Dataset extract >>
____

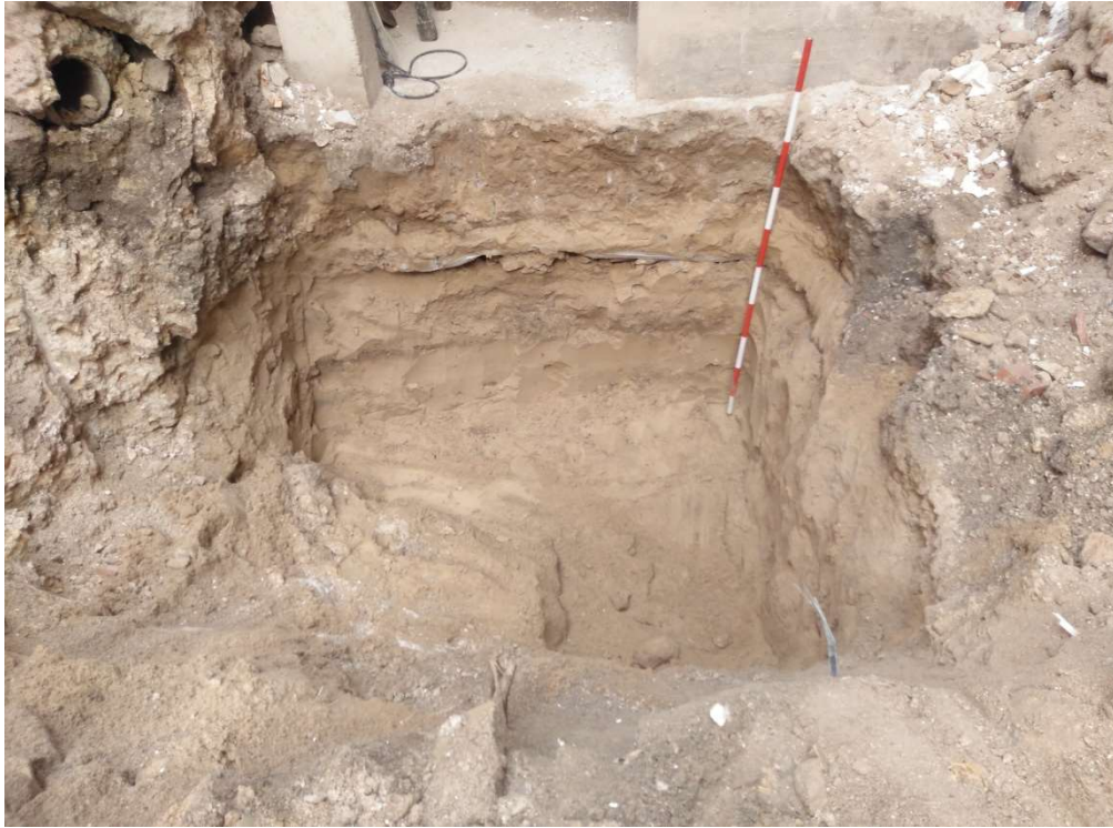
Lám. VI. Perfil de foso de ascensor.
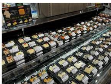
種類豊富な店内カットチーズ
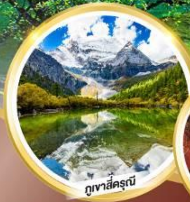
ภูเขาสี่ดรุณี
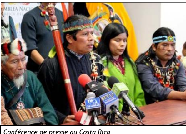
Conférence de presse au Costa Rica

En juin, vous avez été nombreux à soutenir le combat du Peuple Kichwa de Sarayaku en permettant l'envoi d'une délégation de 20 personnes devant la Cour Interaméricaine des Droits de l'Homme au Costa Rica.
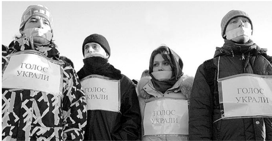
● НА ФОТО: НОВОСИБИРСКАЯ МОЛОДЕЖЬ В ПИКЕТЕ «ЗА ЧЕСТНЫЕ ВЫБОРЫ» 12 ДЕКАБРЯ 2011 ГОДА

Сейчас политически активную молодежь можно разделить на три условных группы. Первая группа — это молодые люди, которые протестуют против ПУТИНА и
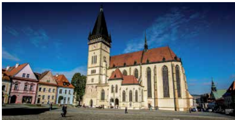
Bazilika minor Sv. Egídia.

Medzi Kláštornou baštou a Hornou bránou, v záhrade starej nemocnice, stojí lampový stĺp. V stredoveku slúžili lampové stĺpy ako orientačné body, preto sa stavali najmä na križovatkách, cintorínoch a na pamätných miestach. Vo vežovitej časti stĺpu horelo svetlo, ktoré plnilo funkciu orientačnú, ale aj spomienkovú. Bardejov-
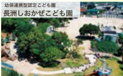
幼保連携型認定こども園 長洲しおかぜこども園
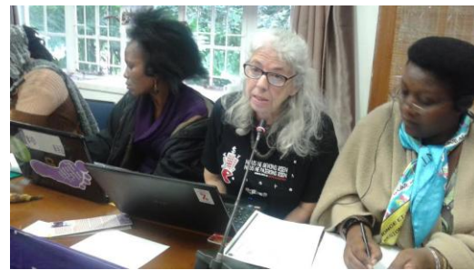
Delegada de CADTM
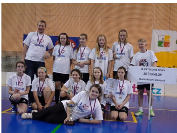
Republikové finále v Plzni – florbal

____

Task prompt >> Exactly the lines from the one containing "幼保連携型認定こども園 長洲しおかぜこども園" to the final line of the entries are wanted; please write them out, both ends included, but not the pictures.

Result for this exercise >>
幼保連携型認定こども園 長洲しおかぜこども園
Delegada de CADTM
Republikové finále v Plzni – florbal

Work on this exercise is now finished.